● **GIVEN RECORDS**:
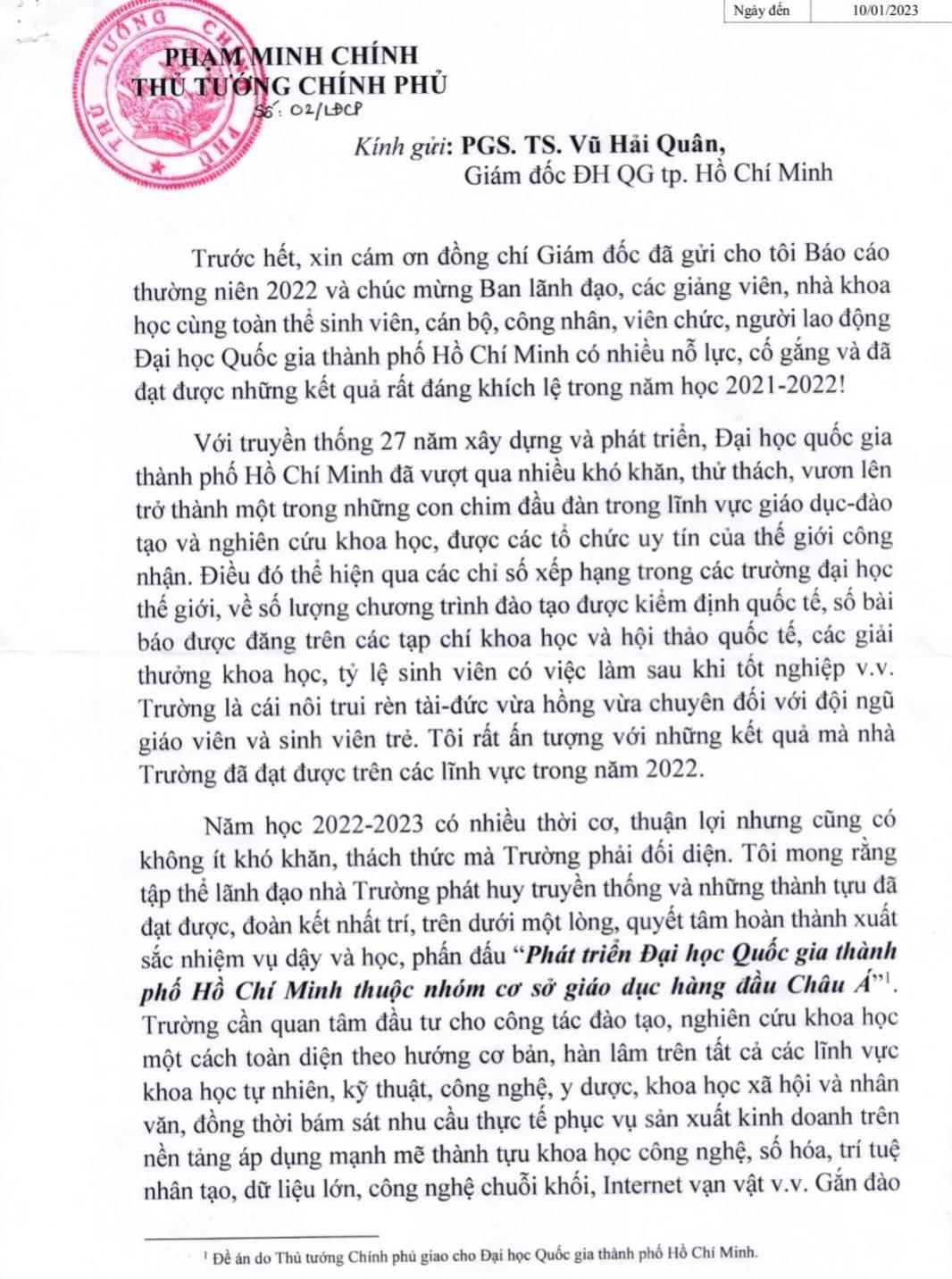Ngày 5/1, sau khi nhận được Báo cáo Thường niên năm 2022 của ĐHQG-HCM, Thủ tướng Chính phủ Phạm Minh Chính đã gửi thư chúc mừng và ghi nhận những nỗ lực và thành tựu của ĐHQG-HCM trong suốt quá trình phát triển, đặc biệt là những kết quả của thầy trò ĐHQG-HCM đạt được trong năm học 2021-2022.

...

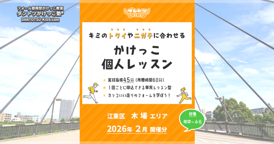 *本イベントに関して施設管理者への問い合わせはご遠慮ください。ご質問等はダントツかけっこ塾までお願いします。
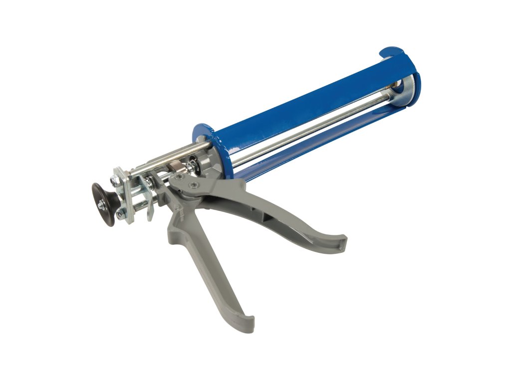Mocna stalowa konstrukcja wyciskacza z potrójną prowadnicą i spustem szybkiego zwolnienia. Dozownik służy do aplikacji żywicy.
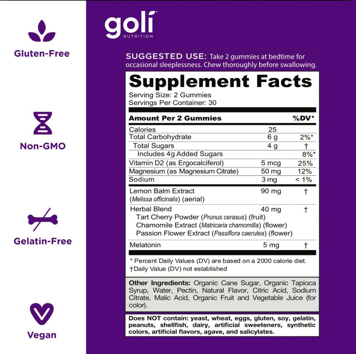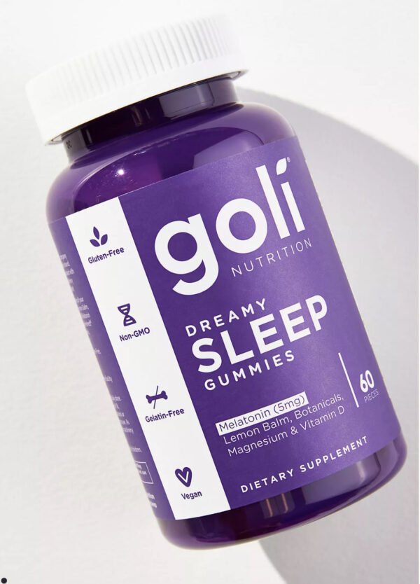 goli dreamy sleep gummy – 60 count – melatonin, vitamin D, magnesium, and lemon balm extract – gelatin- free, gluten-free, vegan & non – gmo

● **EXERCISE INSTRUCTIONS**: In the records above, find the line with "Mocna stalowa konstrukcja" and the line with "goli dreamy sleep", then restate word for word only those two lines and all lines between, omitting pictures.

● **FINISHED EXERCISE**:
Mocna stalowa konstrukcja wyciskacza z potrójną prowadnicą i spustem szybkiego zwolnienia. Dozownik służy do aplikacji żywicy.
 goli dreamy sleep gummy – 60 count – melatonin, vitamin D, magnesium, and lemon balm extract – gelatin- free, gluten-free, vegan & non – gmo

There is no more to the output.